Tesamorelin (INN; trade names Egrifta, Egrifta SV and Egrifta WR) is a synthetic form of growth-hormone-releasing hormone (GHRH) which is used in the treatment of HIV-associated lipodystrophy, approved initially in 2010. It is produced and developed by Theratechnologies, Inc. of Canada. The drug is a synthetic peptide consisting of all 44 amino acids of human GHRH with the addition of a trans-3-hexenoic acid group.

== Mechanism of action ==
Tesamorelin is the N-terminally modified compound based on 44 amino acids sequence of human GHRH. This modified synthetic form is more potent and stable than the natural peptide. It is also more resistant to cleavage by the dipeptidyl aminopeptidase than human GHRH. It stimulates the synthesis and release of endogenous GH, with an increase in level of insulin-like growth factor (IGF-1). The released GH then binds with the receptors present on various body organs and regulates the body composition. This regulation is due to the mixing of anabolic and lipolytic mechanisms.
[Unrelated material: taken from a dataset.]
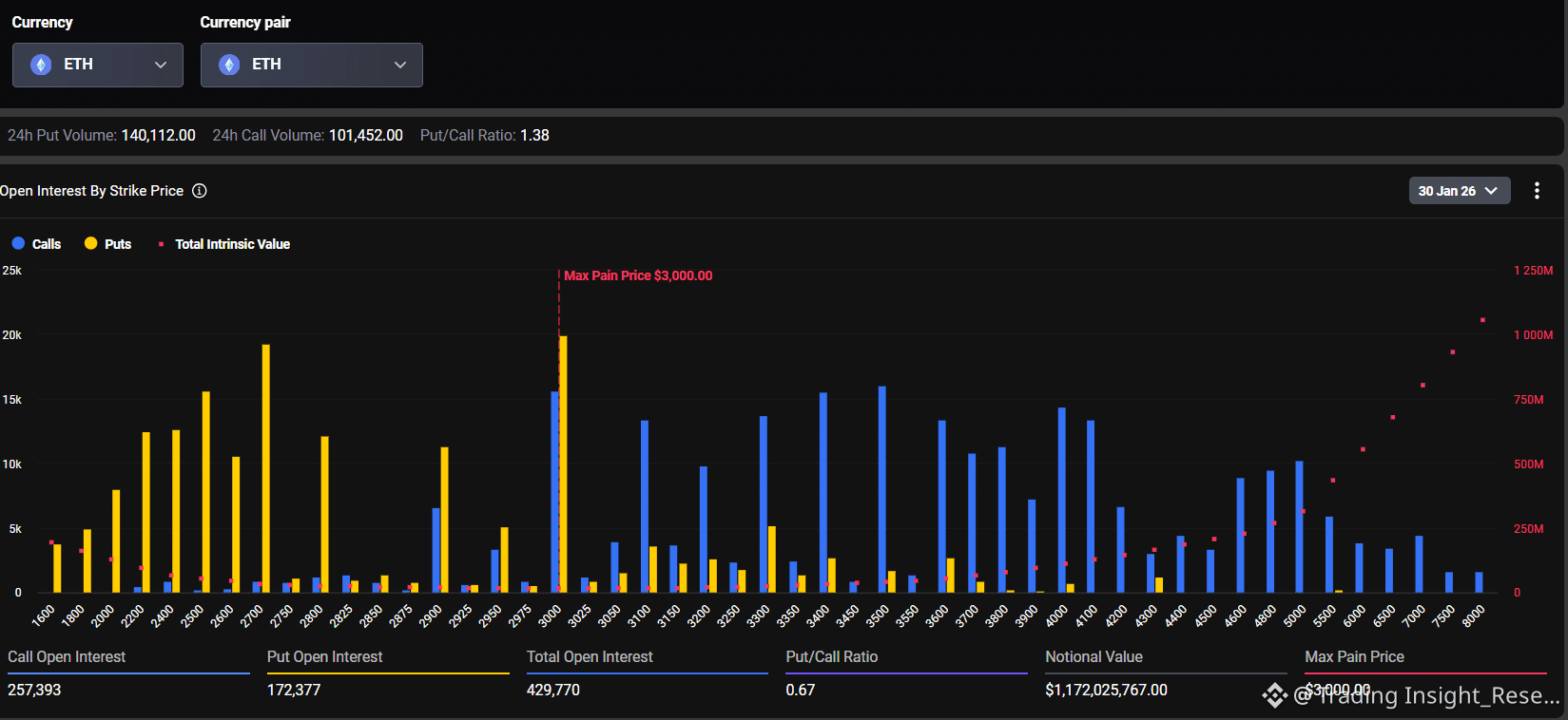 ETH cũng tương tự với tỷ lệ Put/Call 24h đạt 1.38 và Max Pain tại $3,100.

However, it has been found that the main mechanisms by which Tesamorelin reduces body fat mass are lipolysis followed by reduction in triglycerides level.

== Contraindication ==
Tesamorelin therapy may cause glucose intolerance and increase the risk of type 2-diabetes, so it is contraindicated in pregnancy. Another reason for contraindication in category X is the fact it may harm the fetus before birth, and in earlier trimesters. It is also contraindicated in patients affected by hypothalamic-pituitary axis disruption due to pituitary gland tumor, head irradiation and hypopituitarism.

== Adverse effects ==
Injection site erythema, peripheral edema, injection site pruritus and diarrhea.With frequent usage, may cause joint, arm, and leg pains, as a result of the depletion of body fat mass upon use. Tesamorelin can also cause a greater risk for lipoatrophy, due to its allowance of prolonged exposure to thymadine NTRI.